- Born: 23 August 1949 (age 77) France
- Known for: Building a motorcycle in the Moroccan Desert

= Emile Leray =

French electrician (born 1949)

Emile Leray (born 23 August 1949) is a French electrician who is most noteworthy for transforming a car into a motorcycle while stranded in the Sahara desert in 1993.

== Achievements ==
Leray built a desert motorcycle out of the parts of a broken-down Citroën 2CV in 1993, while on a solo trip in Morocco. His car broke down near the coastal town of Tantan, Morocco, when he accidentally hit a rock, which damaged his car's chassis. Per Leray's account, he was stranded about 20 mi from Tantan, with only enough food and water to last ten days.
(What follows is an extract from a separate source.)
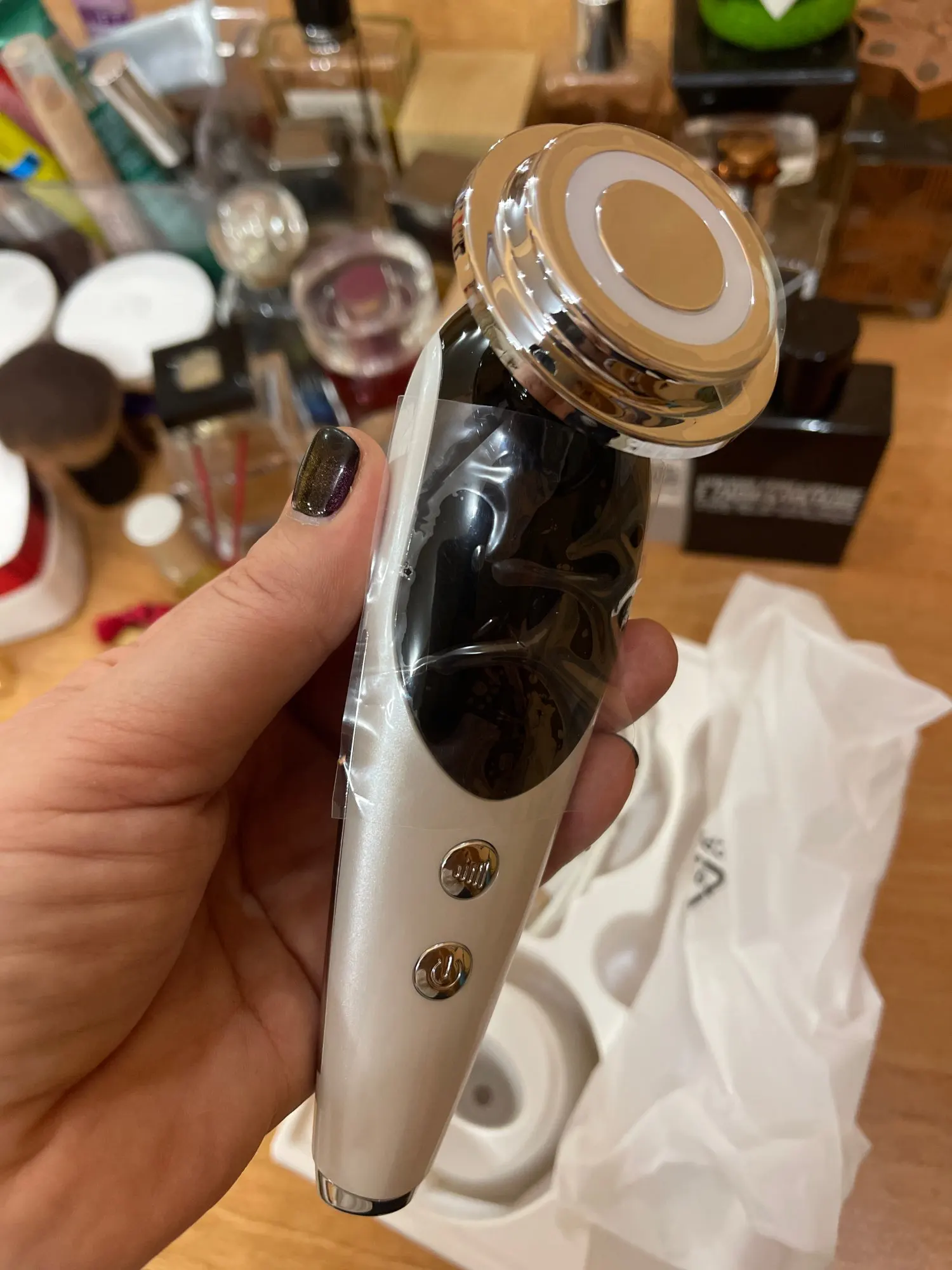 Это косметическое устройство для лица с EMS микро-током (гальваническими ионами), теплыми вибрациями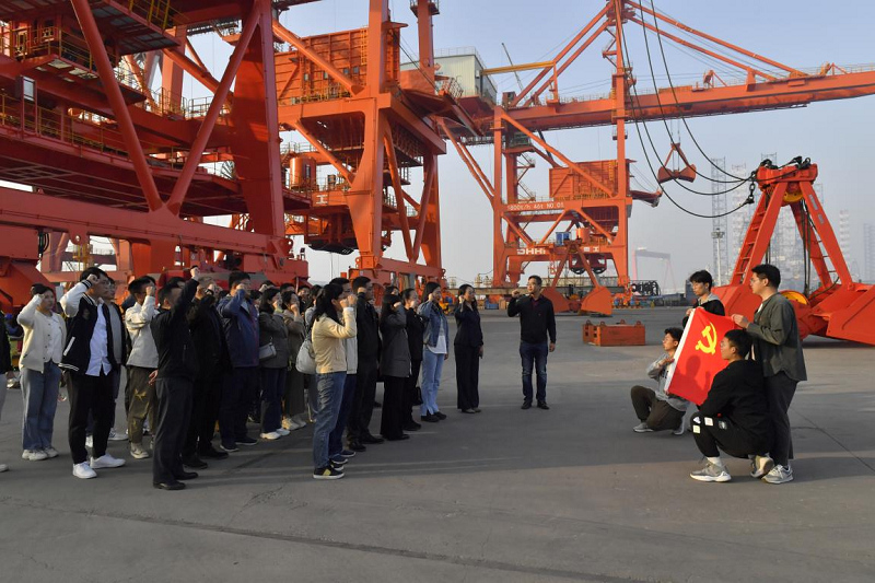 泉水基地的码头,师生党员重温习近平总书记关于东北、辽宁振兴发展的重要讲话精神和指示批示精神,近距离感受了重工装备在东北振兴、辽宁振兴新突破三年行动中的积极作为。随后,全体党员面对党旗,重温入党誓词,一句句誓词雄壮豪迈,一声声誓言铿锵有力,大家用铮铮誓言宣誓着对党、对人民的忠诚。

To survive, Leray used the shell of the 2CV as a shelter and built a motorcycle from the engine chassis. Twelve days after the accident, he was able to drive it to Tantan. His converted 2CV and Moroccan traffic ticket (for having an automobile license plate on a motorcycle) are on display at the Midwest Dream Car Collection in Manhattan, Kansas. An unsuccessful attempt to replicate the motorcycle was made on a 2015 episode of MythBusters, where Adam and Jamie concluded that the vehicle was unstable and hard to control.